#### [Provided material]
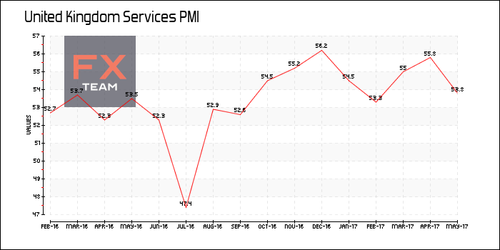 По данным Markit Economics, индекс PMI, отражающий динамику активности в сфере услуг Великобритании, составил 53,8 пункта в мае по сравнению с 55,8 пункта в предыдущем месяце. Прогнозировалось снижение индекса до 55,1 пункта.
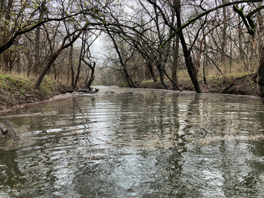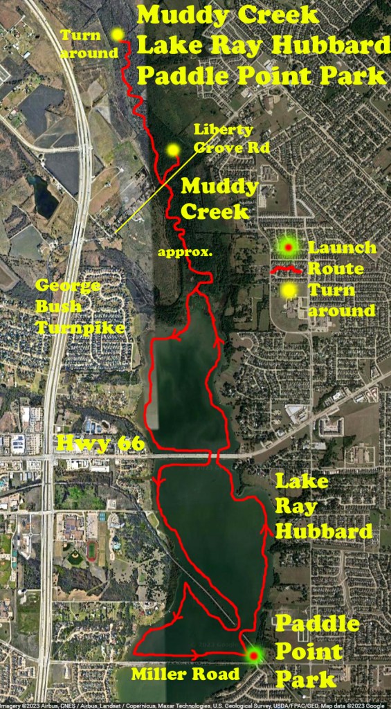 Paddle Point Park is a popular kayak and canoe and paddleboard launch site off of Miller Road in Rowlett. There is almost always someone else paddling here, and there is a kayak rental place nearby. The park launches into a small inlet of Lake Ray Hubbard which is pretty well wind protected. You can go north under the tracks and explore the lake and Muddy Creek, or south into the lake. The route in the above map goes up pretty far into Muddy Creek to the north, then circles the west shore of the lake back around to the put-in. The area where Muddy Creek flows into the lake is sometimes too shallow to paddle, but when water is high enough the brushy areas here can be fun to explore. The entrance to Muddy Creek is one of the prettiest places around. How far up the creek you can go will vary with flow rate and water level, but usually you can make it at least to Liberty Grove Road if you don’t mind going around a log or two. At Liberty Grove there is a pond to the right but that direction ends pretty quickly. If you go north here you can explore more of the Creek.
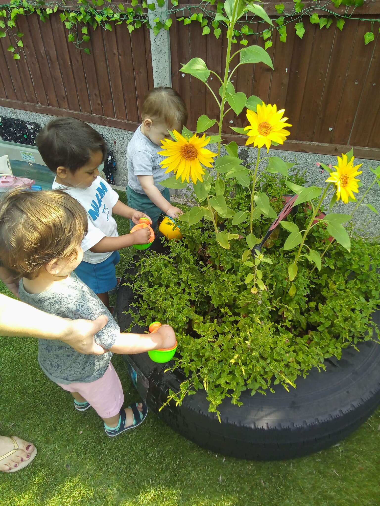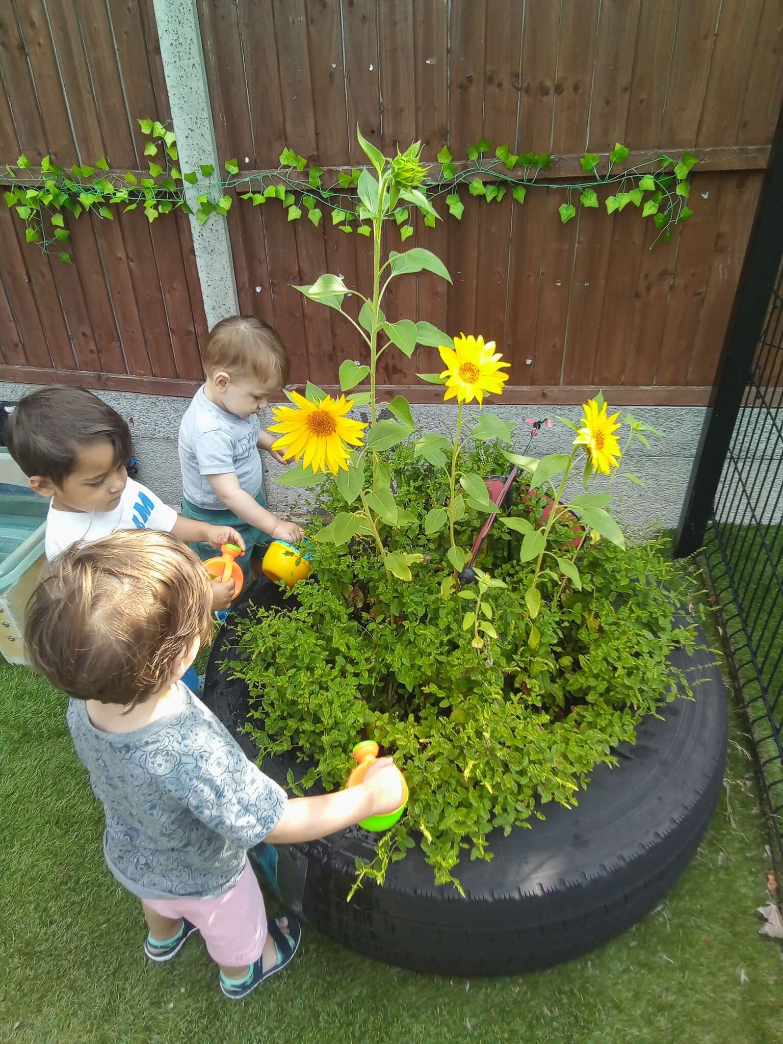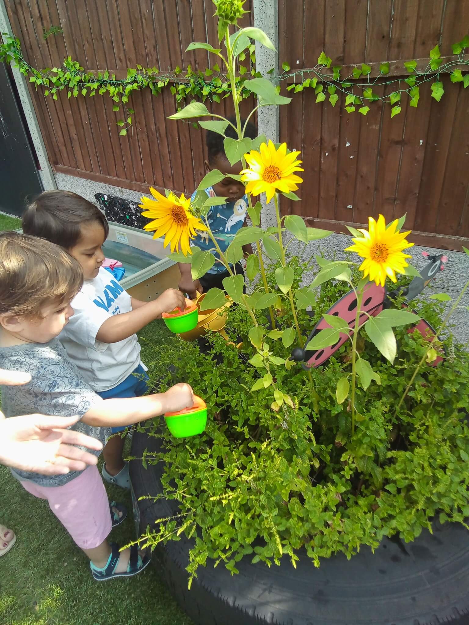 The Willow Room at Chestnut Nursery School The Maples have been exploring the lifecycle of plants through planting sunflower seeds and helping to water them as they grow. Throughout the growth process, the children have been learning keywords such as “sunflower”, “soil”, “yellow” and “grow”.

#### [Exercise]
Since the pictures are not wanted, write out the rest of the data exactly as it reads.

#### [Finished exercise]
 По данным Markit Economics, индекс PMI, отражающий динамику активности в сфере услуг Великобритании, составил 53,8 пункта в мае по сравнению с 55,8 пункта в предыдущем месяце. Прогнозировалось снижение индекса до 55,1 пункта.
 Paddle Point Park is a popular kayak and canoe and paddleboard launch site off of Miller Road in Rowlett. There is almost always someone else paddling here, and there is a kayak rental place nearby. The park launches into a small inlet of Lake Ray Hubbard which is pretty well wind protected. You can go north under the tracks and explore the lake and Muddy Creek, or south into the lake. The route in the above map goes up pretty far into Muddy Creek to the north, then circles the west shore of the lake back around to the put-in. The area where Muddy Creek flows into the lake is sometimes too shallow to paddle, but when water is high enough the brushy areas here can be fun to explore. The entrance to Muddy Creek is one of the prettiest places around. How far up the creek you can go will vary with flow rate and water level, but usually you can make it at least to Liberty Grove Road if you don’t mind going around a log or two. At Liberty Grove there is a pond to the right but that direction ends pretty quickly. If you go north here you can explore more of the Creek.
 The Willow Room at Chestnut Nursery School The Maples have been exploring the lifecycle of plants through planting sunflower seeds and helping to water them as they grow. Throughout the growth process, the children have been learning keywords such as “sunflower”, “soil”, “yellow” and “grow”.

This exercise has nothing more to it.